After watching _Frozen_ for the millionth time the other day, one of my children started running around the house saying, "Lets go bring back summer!" I couldn't agree more and started thinking about all the wonderful traditional things about summer... No snow, camping, no snow, fireworks, no snow, and barbeques!

Very simple sloppy joe recipe:

1 pound ground meat (any type of wild game will work great)
1/2 bell pepper diced
1/2 onion diced
1/4 cup worcestershire
3/4 cup ketchup
1 teaspoon mustard
2 teaspoons brown sugar
2 teaspoons cajun seasoning
1 teaspoon tabasco

Brown meat, add the rest of the ingredients, reduce heat to low, cover and wait 30 minutes stirring occasionally, add beverages and sides of your choice!

*I was about half way done cooking this when I realized we didn't have any hamburger buns. Grandma Sycamore's bread is all I had.


----------



## wyogoob (Sep 7, 2007)

perfect


----------



## DallanC (Jan 13, 2009)

We had dry aged Pronghorn Loin for dinner last night... amazing stuff.

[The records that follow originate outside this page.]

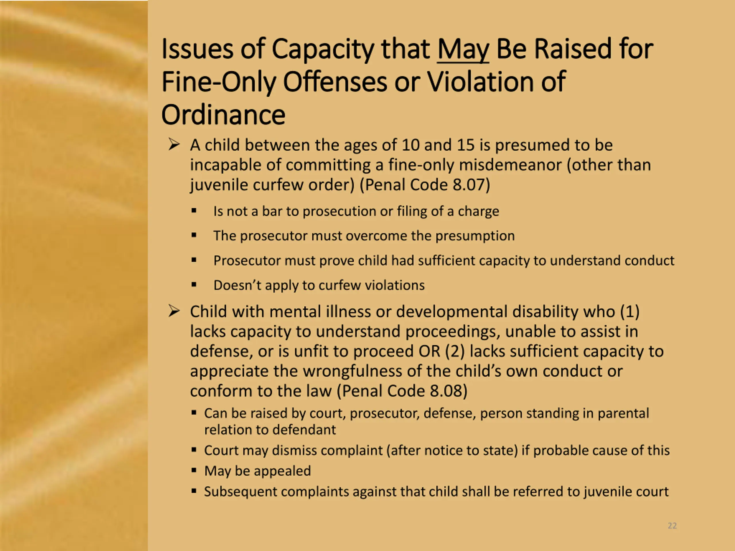 Issues of Capacity that Issues of Capacity that May Fine Fine- -Only Offenses or Violation of Only Offenses or Violation of Ordinance Ordinance A child between the ages of 10 and 15 is presumed to be incapable of committing a fine-only misdemeanor (other than juvenile curfew order) (Penal Code 8.07) Is not a bar to prosecution or filing of a charge The prosecutor must overcome the presumption Prosecutor must prove child had sufficient capacity to understand conduct Doesn t apply to curfew violations Child with mental illness or developmental disability who (1) lacks capacity to understand proceedings, unable to assist in defense, or is unfit to proceed OR (2) lacks sufficient capacity to appreciate the wrongfulness of the child s own conduct or conform to the law (Penal Code 8.08) Can be raised by court, prosecutor, defense, person standing in parental relation to defendant Court may dismiss complaint (after notice to state) if probable cause of this May be appealed Subsequent complaints against that child shall be referred to juvenile court May Be Raised for Be Raised for 22
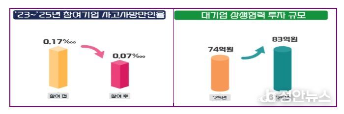 대기업과 정부의 지원을 받은 사업장은 안전한 일터로 거듭나고 있다. 지난 3년간 사업에 참여한 기업 10,453곳의 평균 사고사망만인율은 0.07‱로 참여 이전(0.17‱)보다 절반 이하로 감소했다.
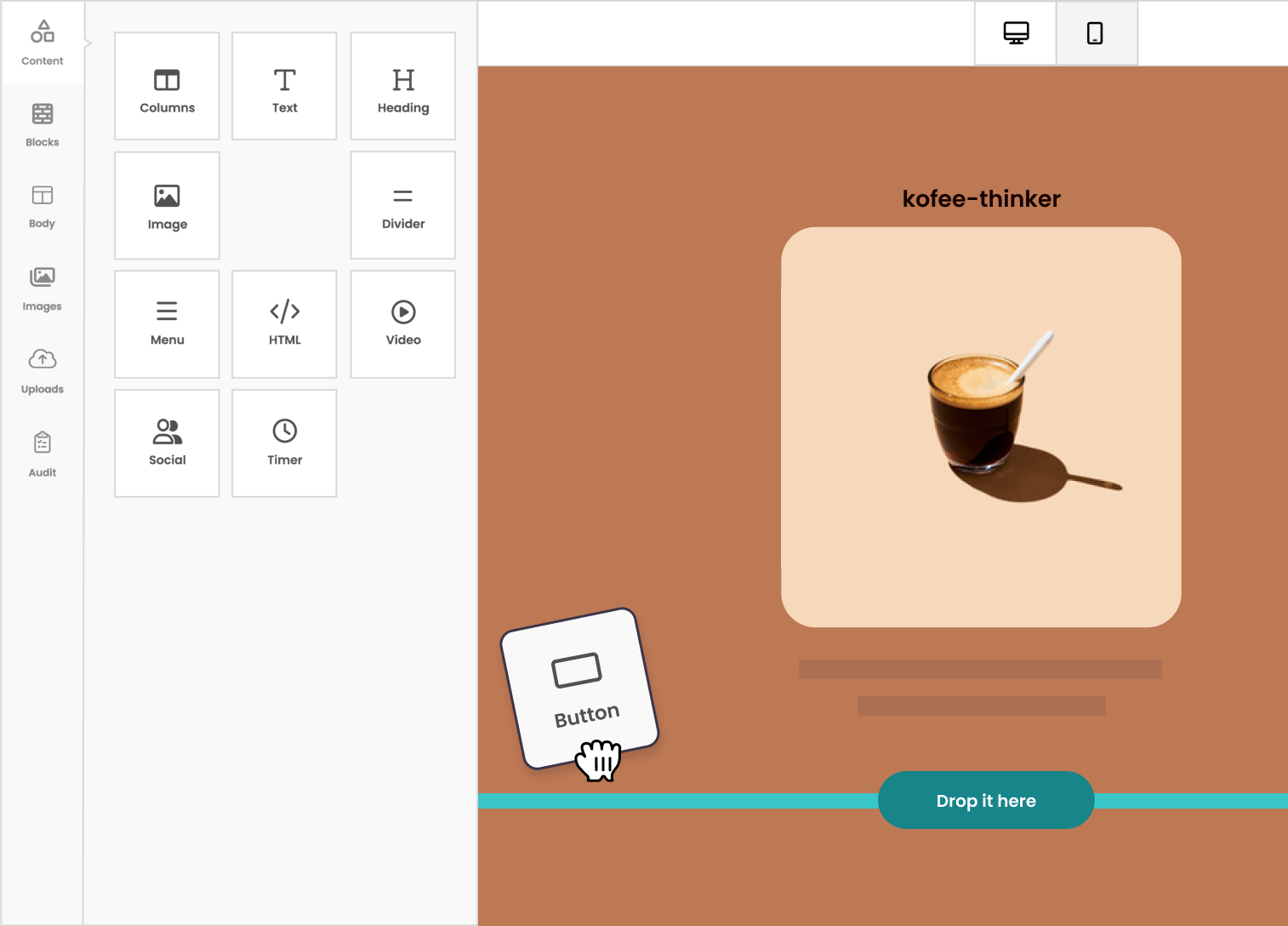 • Drag-and-Drop-E-Mail-Builder: Entwerfen Sie professionelle, mobilfreundliche E-Mails ohne Programmier- oder Designkenntnisse. Wählen Sie aus einer kuratierten Vorlagenbibliothek und passen Sie jedes Detail mit flexiblen Inhaltsblöcken an.

We'll give the sloppy joe a try next.


-DallanC


----------



## Dunkem (May 8, 2012)

Nothin wrong with Granny Sycamore's


----------



## swbuckmaster (Sep 14, 2007)

Awesome! Will try this one out on some deer thanks

Sent from my SM-G900V using Tapatalk


----------



## swbuckmaster (Sep 14, 2007)

Good stuff

Sent from my SM-G900V using Tapatalk


----------



## A12GaugeGirl (Jan 10, 2015)

I have a freezer full of antelope and am looking for a variety of ways to prepare it. I have done fajitas, which were good, and a wellington, which was fantastic, but I haven't tried any ground. Sloppy joes sound great! And they do remind one of summer. Thanks for sharing the recipe.


----------



## 2full (Apr 8, 2010)

Had Turkey sloppy joe's for dinner last nite. 
Was very good .....


----------